• **ABOUT THIS EXERCISE**: What's needed is an exact copy of the lines from the one that contains "जिल्ह्यातील शिरपूर जैन" to the end of the data below, leaving the pictures out.

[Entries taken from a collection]
——————————

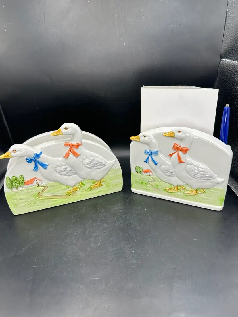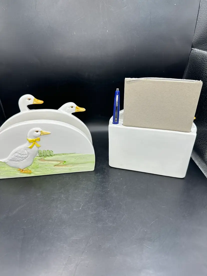 Small chip on one goose on letter holder 6 3/4" wide Memo/Pen holder is 5 1/2" wide
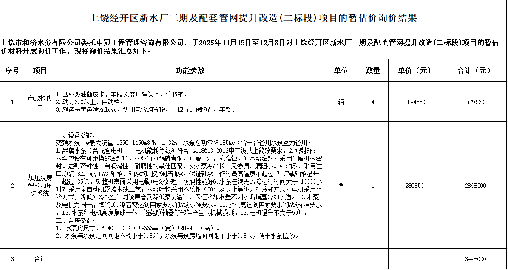 上饒國(guó)屬工程造價(jià)咨詢(xún)有限公司受上饒市和濟(jì)水務(wù)有限公司的委托,根據(jù)上饒市和濟(jì)水務(wù)有限公司的招標(biāo)計(jì)劃,遵循公平、公正、公開(kāi)、誠(chéng)信原則,對(duì)上饒市和濟(jì)水務(wù)有限公司的自來(lái)水應(yīng)急搶修材料供應(yīng)單位(二期)進(jìn)行公開(kāi)詢(xún)價(jià),誠(chéng)邀相關(guān)供應(yīng)商對(duì)采購(gòu)單位所需進(jìn)行報(bào)價(jià)。一、招標(biāo)需求1.項(xiàng)目名稱(chēng):自來(lái)水應(yīng)急搶修材料供應(yīng)單位(二期)2.采... [更多]
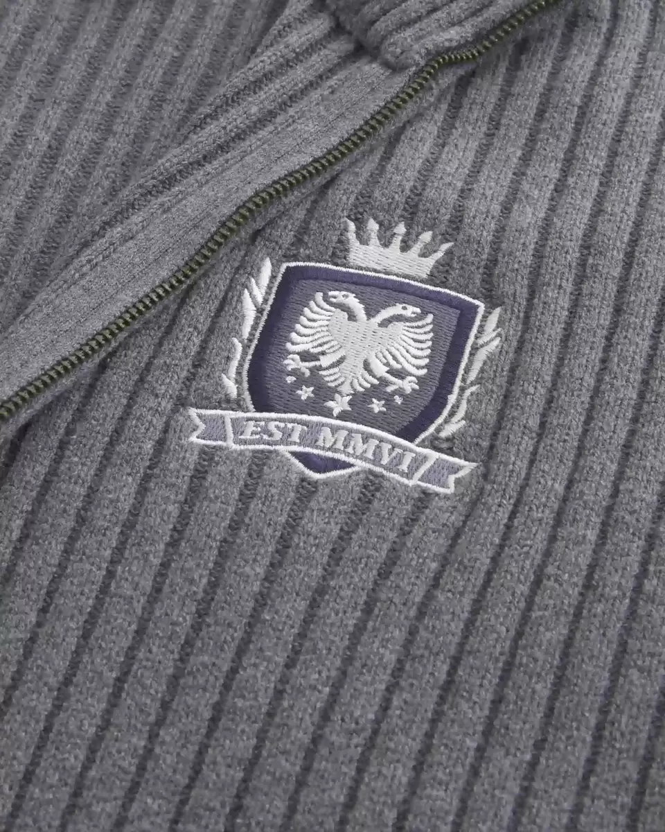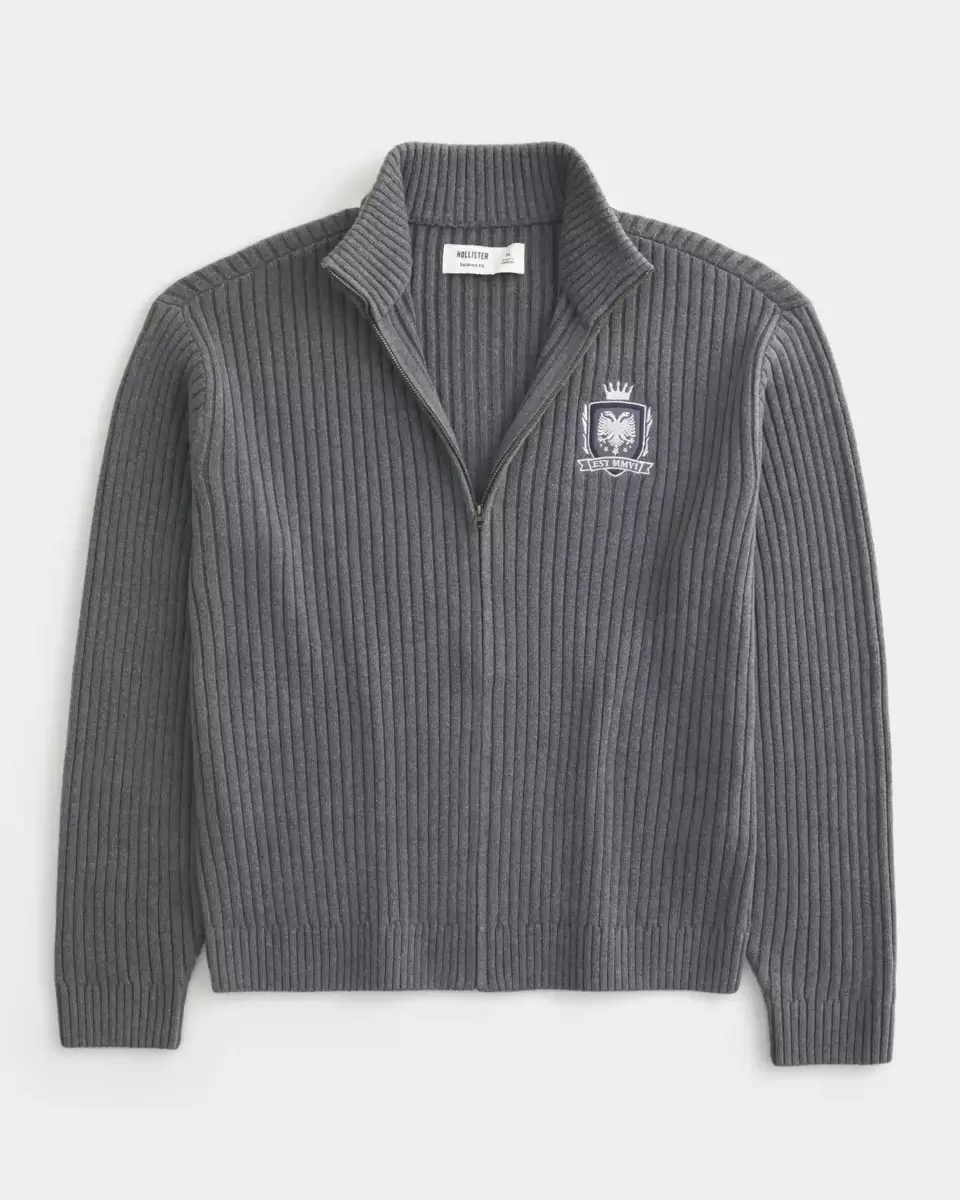 This super soft sweater features a mock-neck collar, full zip-up closure and graphic embroidery at the left chest. Ribbed trims, long sleeves. Relaxed Fit. Imported.
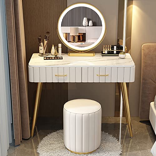 Sminkbord med dimbar upplyst spegel, sminkbord med låda och fack, sminkbord med eller utan stol för sminkrum, sovrum (färg: vit med pall, storlek: L:100cm/39
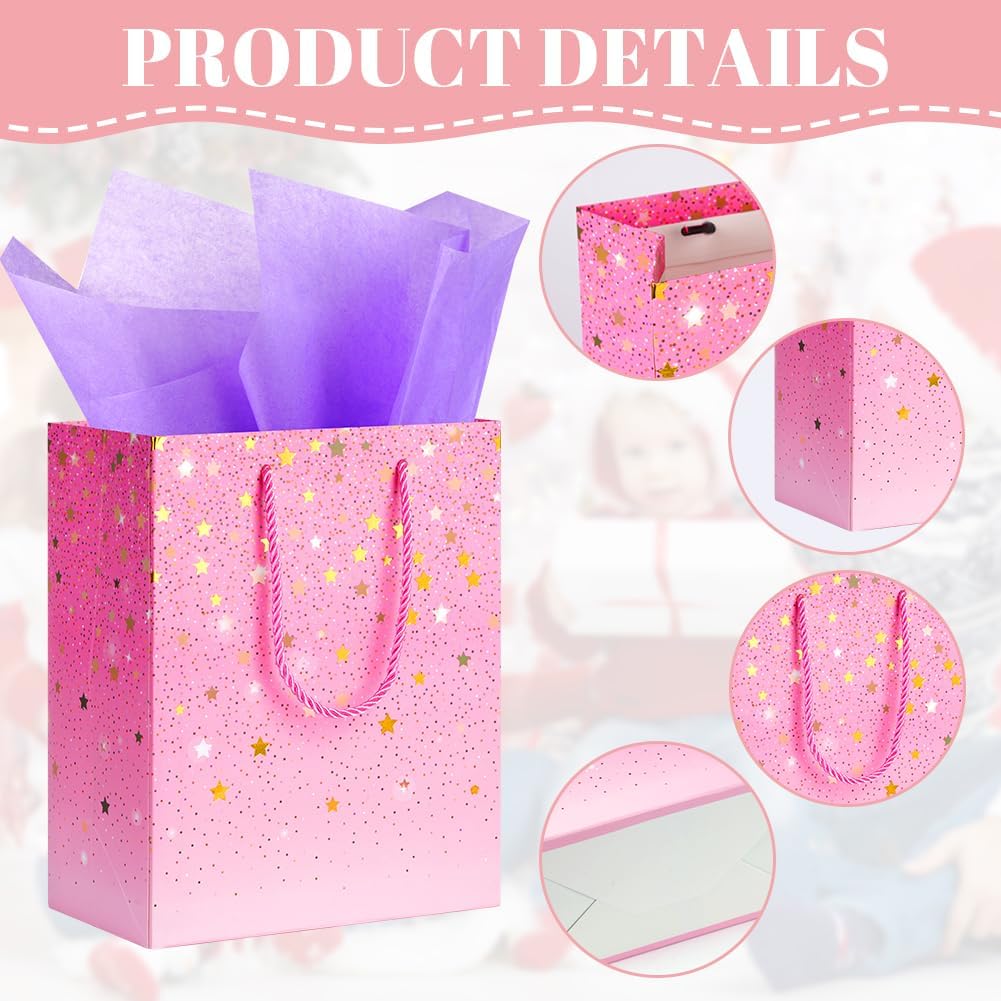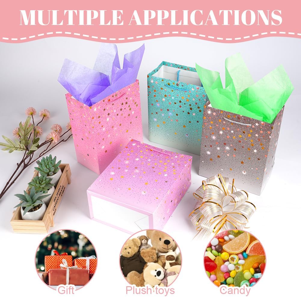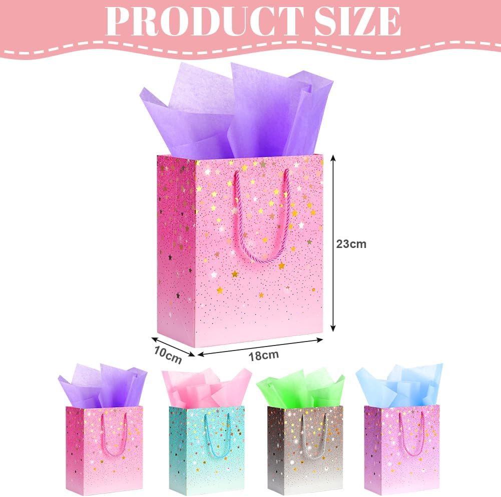 🧡 【Set di sacchetti regalo】 Include 4 eleganti sacchetti regalo (lunghezza 23 cm × larghezza 18 cm × altezza 10 cm) e 4 fogli di carta velina decorativa. Mostra un design pieghevole per riporlo e riutilizzarlo facilmente, perfetto per varie esigenze regalo. 🧡【Alta qualità】Realizzato in carta naturale con una grammatura di 350 g/m², con fondo rinforzato e robuste corde di cotone come manici. Questi sacchetti regalo tengono bene e non si rompono facilmente. Le solide maniglie e la base li rendono facili da trasportare. Questa è la scelta migliore per la confezione regalo. 🧡【Incantevole design del cielo】Mostra uno sfondo sfumato rosa-viola-verde da sogno decorato con motivi a stella in lamina d'oro. La laminazione opaca preserva i colori vivaci, è molto bella e accattivante. Se non sei bravo a confezionare regali ma vuoi comunque fare un bel regalo, questi sacchetti regalo in carta facili da montare sono perfetti per te! 🧡【Riutilizzabile】La struttura ultra robusta del sacchetto regalo ha un fondo imbottito aggiuntivo, è durevole e affidabile, facile da riempire, riporre e trasportare e il set multiplo di sacchetti regalo può essere utilizzato a lungo. Dopo aver confezionato questi sacchetti regalo con il cielo stellato e averli consegnati al destinatario, il destinatario può continuare a usarli come sacchetti della spesa quotidiani. Queste borse sono belle e resistenti. 🧡【Multiuso】Questi graziosi sacchetti regalo si distingueranno sicuramente in ogni celebrazione e possono essere utilizzati come sacchetti regalo per tutti i tipi di feste, come matrimoni, compleanni, anniversari, lauree, baby shower, San Valentino, ecc. I sacchetti regalo di compleanno ideali per donne, bambini e persone di tutte le età.
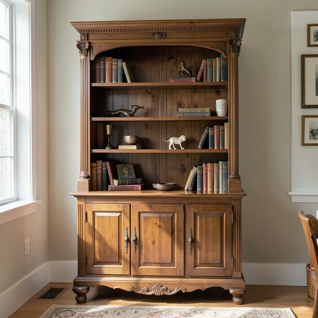 A colonial style bookshelf is both functional and decorative. Its classic design and sturdy construction make it a great addition to any room.
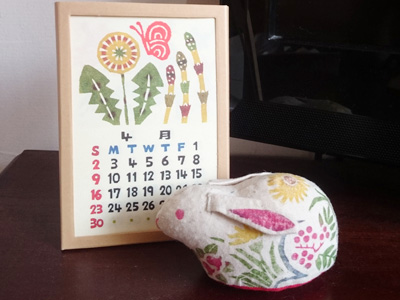 4月はイースターということで、お土産でいただいた出西窯のカレンダーとともに干支の中からうさぎをセレクトして飾っています。岐阜と島根、遠く離れた県で作られたものだけど、違和感なくなじんでくれています。
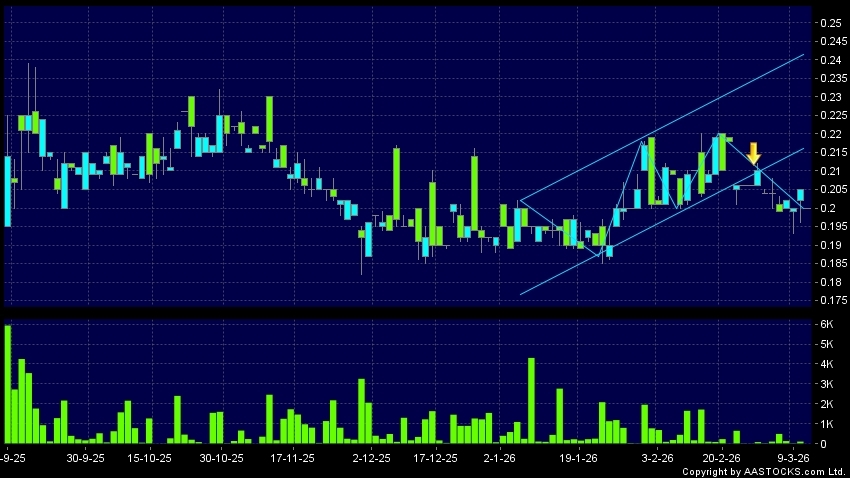 成實外教育(01565.HK) +0.009 (+4.615%) 呈現區域下軌突破。現價報0.200,下跌2.439%,成交量0.00股,成交額0.00。
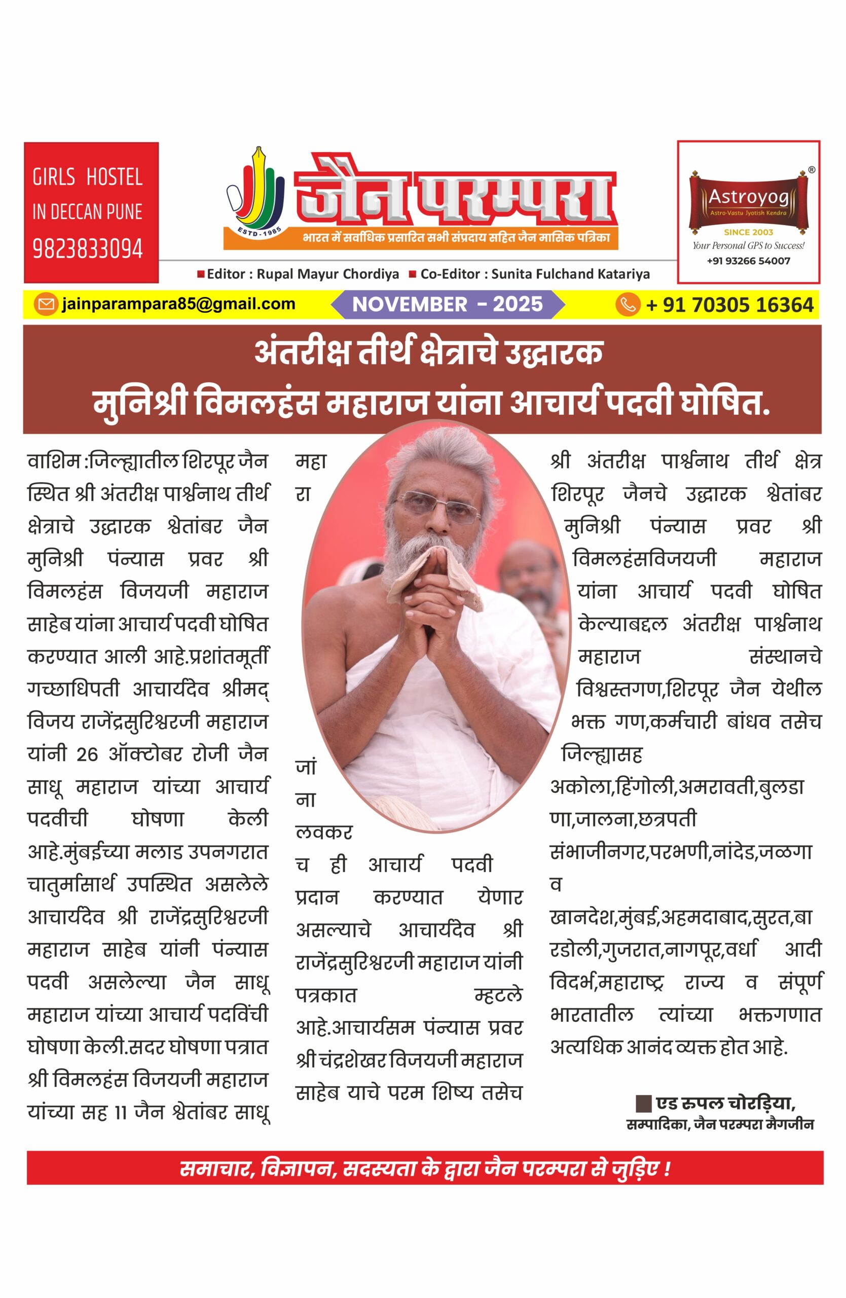 जिल्ह्यातील शिरपूर जैन स्थित श्री अंतरीक्ष पार्श्वनाथ तीर्थ क्षेत्राचे उद्धारक श्वेतांबर जैन मुनिश्री पंन्यास प्रवर श्री विमलहंस विजयजी महाराज साहेब यांना आचार्य पदवी घोषित करण्यात आली आहे.
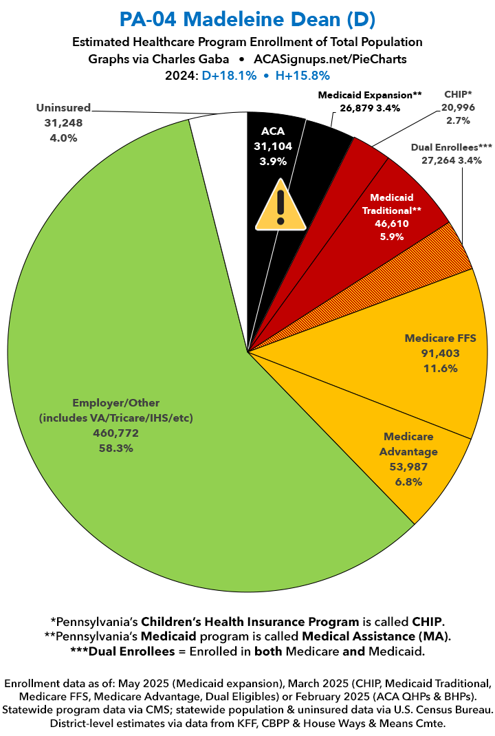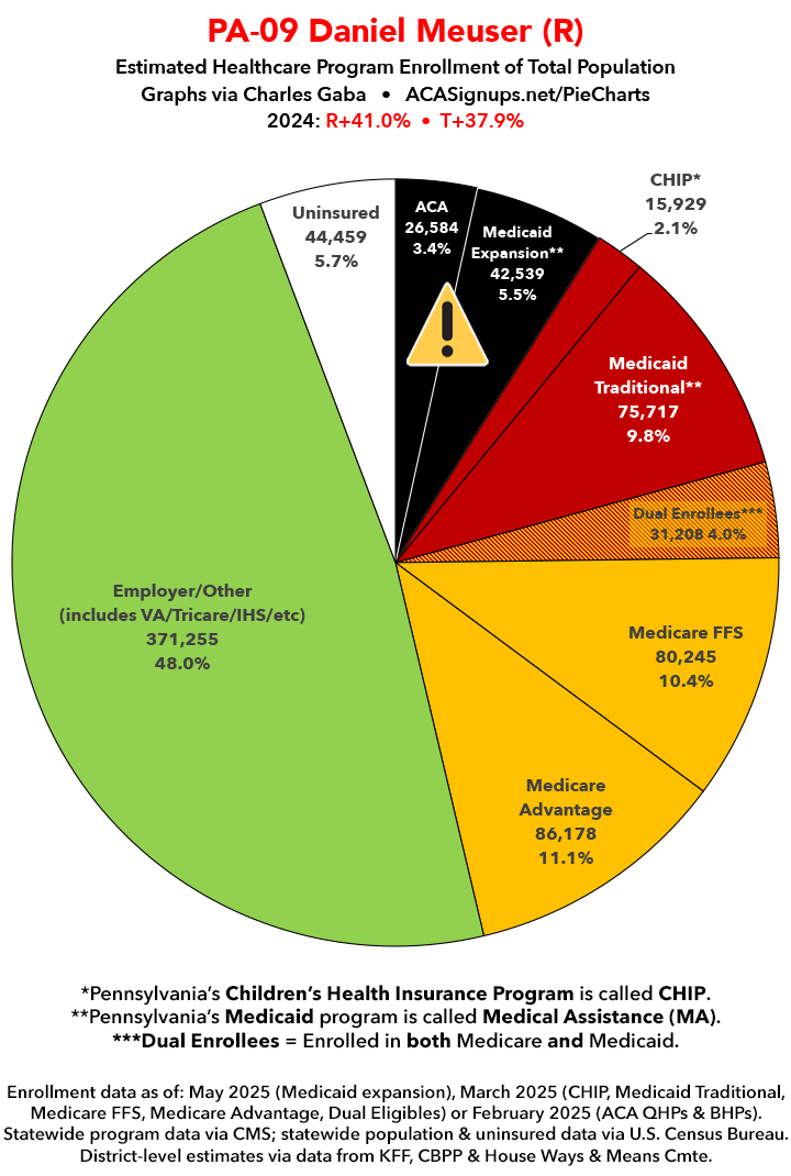 UPDATE 7/11/25: I've updated the web versions of the graphics with the most up-to-date enrollment data I have access to. The black sections w/the ⚠️ symbol are those most at risk of losing healthcare coverage due to H.R. 1, the "One Big Beautiful Bill Act" (aka the #MAGAMurderBill).

——————————

• **SOLUTION FOR THIS TASK**:
 जिल्ह्यातील शिरपूर जैन स्थित श्री अंतरीक्ष पार्श्वनाथ तीर्थ क्षेत्राचे उद्धारक श्वेतांबर जैन मुनिश्री पंन्यास प्रवर श्री विमलहंस विजयजी महाराज साहेब यांना आचार्य पदवी घोषित करण्यात आली आहे.
 UPDATE 7/11/25: I've updated the web versions of the graphics with the most up-to-date enrollment data I have access to. The black sections w/the ⚠️ symbol are those most at risk of losing healthcare coverage due to H.R. 1, the "One Big Beautiful Bill Act" (aka the #MAGAMurderBill).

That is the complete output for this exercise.